No fue sencilla esta cesión. Schiaretti tributó con su esposa, Alejandra Vigo, para garantizar la paz en la Capital y lograr la unidad bajo un candidato de indiscutida génesis peronista.
La prenda de unión para contener al partido fue una sorpresa. De la Sota puso su apellido al lado de Dómina y Natalia, su hija, se inició en las grandes ligas de la política acompañando la candidatura por la Intendencia del PJ.
La calma se completó con la postergación de la interna en el tramo de concejales. Pero con la fecha de las elecciones ya en el calendario, el peronismo capitalino mira de reojo este pendiente.

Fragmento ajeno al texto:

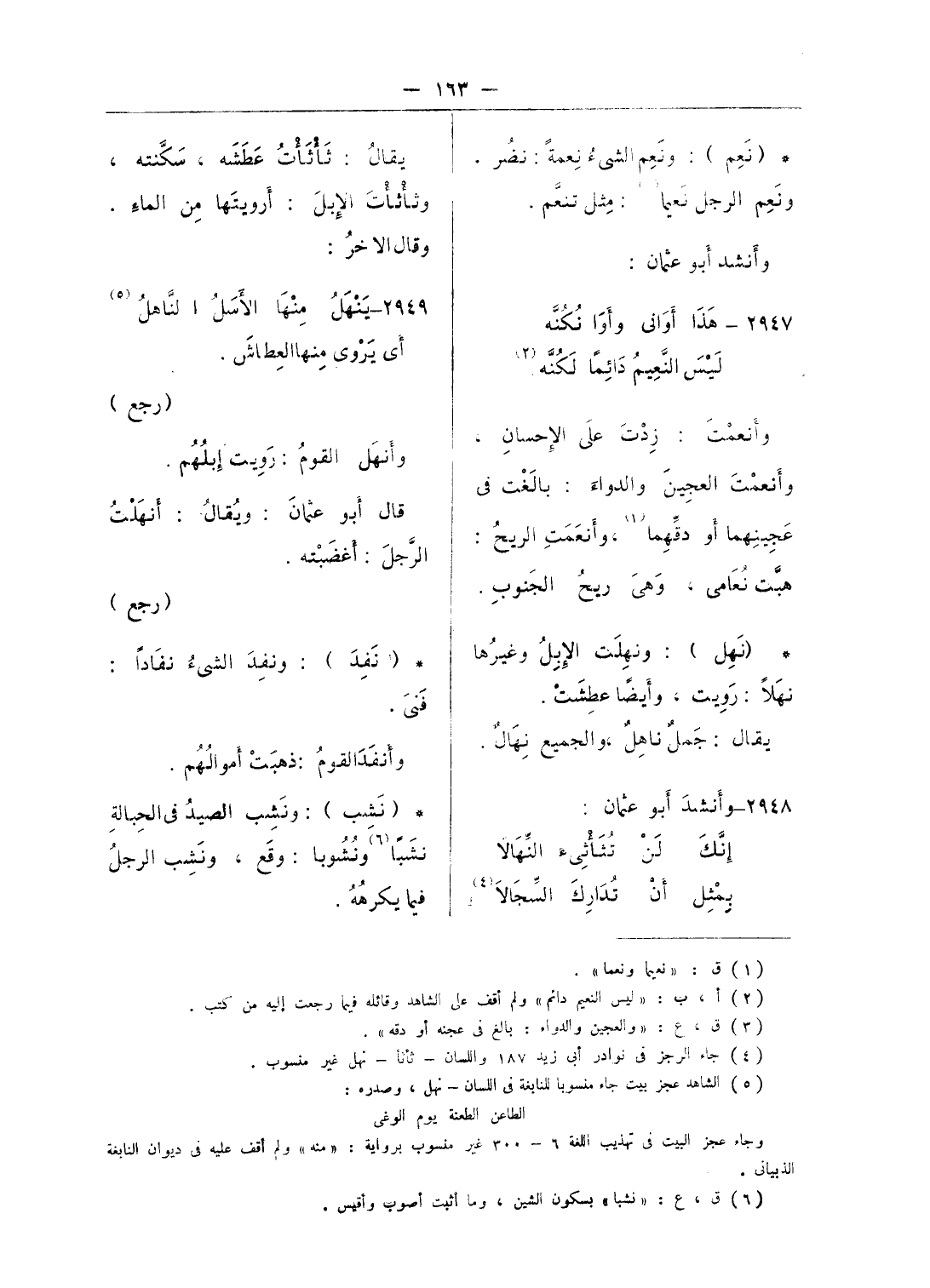 (¬5) الشاهد عجز بيت جاء منسوبا النابغة فى اللسان - نهل، وصدره:

Entienden los dirigentes que su labor en las provinciales es la forma de invertir para un eventual lugar en la lista. De los márgenes de un futuro triunfo de Unión por Córdoba dependerá la gravitación que tenga Schiaretti en la decisión final en torno a la Capital.
Consciente de esta situación Dómina se mueve con guantes de seda. Después del 5 de julio la lista completa se va a poner a disposición del objetivo de máxima: ganar la Capital. El de mínima: que no triunfe Olga Riutort.